In other words, when you do impose a metric (which is the only thing that is going to separate your ellipsoid from the sphere), then you will not have both ##\nabla g_S = 0## and ##\nabla g_E = 0## (where ##g_S## and ##g_E## are the metrics on the sphere and ellipsoid, respectively).

Edit: Note: The metric is what allows you to define angles and lengths of tangent vectors and so metric compatibility is what is required for parallel transport to preserve angles and magnitudes.

While you can put the connection to be the same for both the sphere and the ellipsoid, it will only be compatible with one of the metrics and not the other. Generally, when you have a metric, you can have connections that are not metric compatible.
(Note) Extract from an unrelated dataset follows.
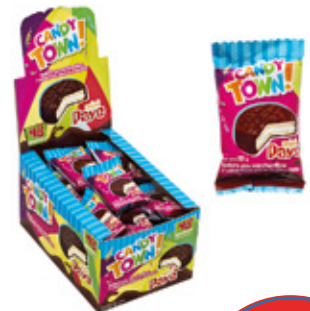
MINI PAYE GALLETAS CON MARSHMALLOW CUBIERTA DE CHOCOLATE

88433 6 Unid. Paca 24 Unid. Display 600 (g) Peso Display
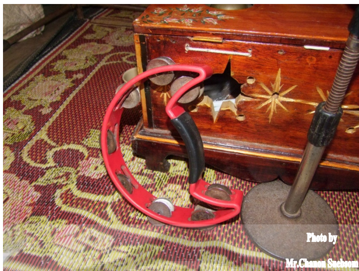
ภาพประกอบ 45 แทมบูริน

แทมบูริน เป็นเครื่องดนตรีประเภทตีกระทบจังหวะ ประกอบด้วยขอบกลมเหมือนขอบกลองขนาดเล็กประมาณ 10 นิ้ว ขอบอาจทำด้วยไม้ พลาสติก หรือโลหะ รอบ ๆ ขอบติดด้วยแผ่นโลหะประกบกัน 2 แผ่น ใช้การตีกระทบกับฝ่ามือหรือส้นเข่าให้เกิดเสียงดังกรู๊งกรู๊งเพื่อประกอบจังหวะให้เกิดความสนุกสนานสดชื่น แทมบูรินที่ใช้ในหนังตะลุงมีเส้นผ่านศูนย์กลาง 22 เซนติเมตร ความสูงวัดจากขอบ 5 เซนติเมตร

Note that metric compatibility is not the same thing as imposing a Levi-Civita connection. The Levi-Civita connection is the unique torsion free and metric compatible connection.
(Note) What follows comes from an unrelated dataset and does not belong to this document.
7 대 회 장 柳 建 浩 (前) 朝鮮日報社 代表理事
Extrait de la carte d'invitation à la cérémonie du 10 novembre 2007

In other words, when you do impose a metric (which is the only thing that is going to separate your ellipsoid from the sphere), then you will not have both ##\nabla g_S = 0## and ##\nabla g_E = 0## (where ##g_S## and ##g_E## are the metrics on the sphere and ellipsoid, respectively).
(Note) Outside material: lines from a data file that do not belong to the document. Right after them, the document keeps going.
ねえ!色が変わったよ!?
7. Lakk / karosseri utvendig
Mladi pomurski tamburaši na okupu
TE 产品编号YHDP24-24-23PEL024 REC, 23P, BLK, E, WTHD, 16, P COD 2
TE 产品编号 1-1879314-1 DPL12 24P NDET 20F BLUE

Edit: Note: The metric is what allows you to define angles and lengths of tangent vectors and so metric compatibility is what is required for parallel transport to preserve angles and magnitudes.
I don't understand why do you emphasize metric compatibility.
Since the curvature tensor is the same for the smooth manifold ##S^2## and does not change if we give it two different metrics, then where does metric compatibility play any role in this?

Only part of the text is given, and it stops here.